Although most of the discussions were focused on the Greek crisis, this situation triggered the need for policy decisions that were very important for other countries as well, especially Italy. This involved agreeing on a European level how to deal with countries with financial problems and an acceptance of these measures by the affected countries. Thus, there is a spillover due to necessary policy decisions across countries. In addition, there is a potential spillover of uncertainty. When the uncertainty concerning the political-decision making process is high in certain countries (e.g., in Greece), i.e., when it is unclear how the country will react to potential European measures, because the political costs of accepting demands for financial help might be high, then most likely also the uncertainty and political costs in Italy might be high. Although it is clear that there are important structural differences between countries, there can be a significant spillover of uncertainty.

Thus, our list of relevant events covers all Euro summits, i.e., the meetings of the heads of governments of the eurozone members. The main topic of these summits during those years was to coordinate a common crisis response within the eurozone, making them the main set of events for our analysis. In addition, we include G8 and G20 summits that were held during that time period if the European sovereign debt crisis or another relevant economic topic was the main part on the agenda of the respective summits.⁸ As we focus on Italy, we include Italian parliamentary elections and, in addition, the Greek 2012 elections as there was substantial risk that the election results could lead to Greece leaving the eurozone with severe consequences for all other countries. Table 1 shows the full list of events with the main topics on the agenda and an indicator if it is included or was omitted due to not focusing on an economic topic or being too close to an already included event, i.e., within seven days of a previous event.⁹ We consider 17 events resulting in roughly 4 events per year.

This set of events offers an ideal laboratory to study political uncertainty. In most circumstances, political events are considered with many different aspects concerning various policies, e.g., in the case of regular elections.
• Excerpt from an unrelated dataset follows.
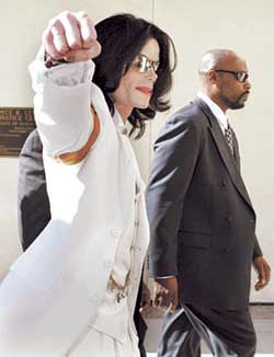 杰克遜這次身著的三件套裝全部為白色,另外他還戴了一個(gè)金色的袖標(biāo)以及腳蹬一雙亮閃閃的白色靴子。他乘坐一輛金色的加長(zhǎng)房車抵達(dá)法庭門口,下車時(shí)受到了100多個(gè)大聲尖叫的歌迷的歡迎。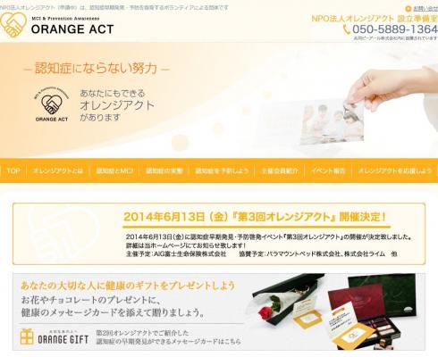 NPO法人オレンジアクト 設立準備室では、NPO法人オレンジアクトの活動推進を円滑に行い、十分な目的達成を目指し、本活動の支援となる「オレンジアクト基金」を本日5月8日(木)より公式サイト上にて受け付けております。さらに、認知症早期発見・予防啓発運動をともに行う会員(個人・企業・医療機関など)も同時募集しております。

However, in the case of the European sovereign debt crisis most political events at this time were almost exclusively focusing on policies handling the crisis. This allowed investors to receive more precise signals compared to regular times. This is especially true for the Euro summits, which, in addition, were held frequently compared to regular elections. In addition, the level of political uncertainty was high and all countries experienced severe distress during this crisis leading to significant default risk associated with their sovereign debt, which made the prices of the bonds very susceptible to changes in the economic or political framework.

Our bond dataset represents MTS transaction data for Italian sovereign bonds from the beginning of 2010 to the end of 2013. This dataset contains high-frequency data on transactions, i.e., traded price (clean price) and volume with time stamp and buy/sell indicator, as well as intra-day quotations (best-bid and best-ask). MTS covers bonds issued by several different European countries and similar issuers. The overall dataset contains various MTS interdealer markets, i.e., EuroMTS, EuroCredit MTS and the domestic MTS markets. The EuroMTS serves as a reference market for European benchmark bonds as well as bonds with an outstanding amount greater than 5 billion. Other bonds are covered by EuroCredit MTS or one of the domestic MTS markets. The dataset was established in April 2003 and originally contained information on bonds of 11 different eurozone countries: Austria, Belgium, Finland, France, Germany, Greece, Ireland, Italy, The Netherlands, Portugal and Spain. We focus on the Italian sovereign bond market as, in contrast to most other countries, the vast majority of transactions happens via the MTS system.¹⁰ This provides us with representative high-frequency data on quotes and transactions.

In our analysis we focus on the regular coupon bonds issued by the Italian government: Buoni del Tesoro Poliennali (BTP) are long-term bonds with a maturity of 3, 5, 10, 15 or 30 years.¹¹ We exclude index-linked securities and floating rate notes from our sample, which represent only \(12\%\) of the outstanding volume and are likely to show different price reactions than regular bonds. Overall, we cover 79 bonds. Table 2 shows summary statistics of our sample, i.e., information on the amount issued, coupon and maturity. We find an average issuing size of 20 billion EUR with an average maturity of around 11 years and an average coupon of \(4.2\%\).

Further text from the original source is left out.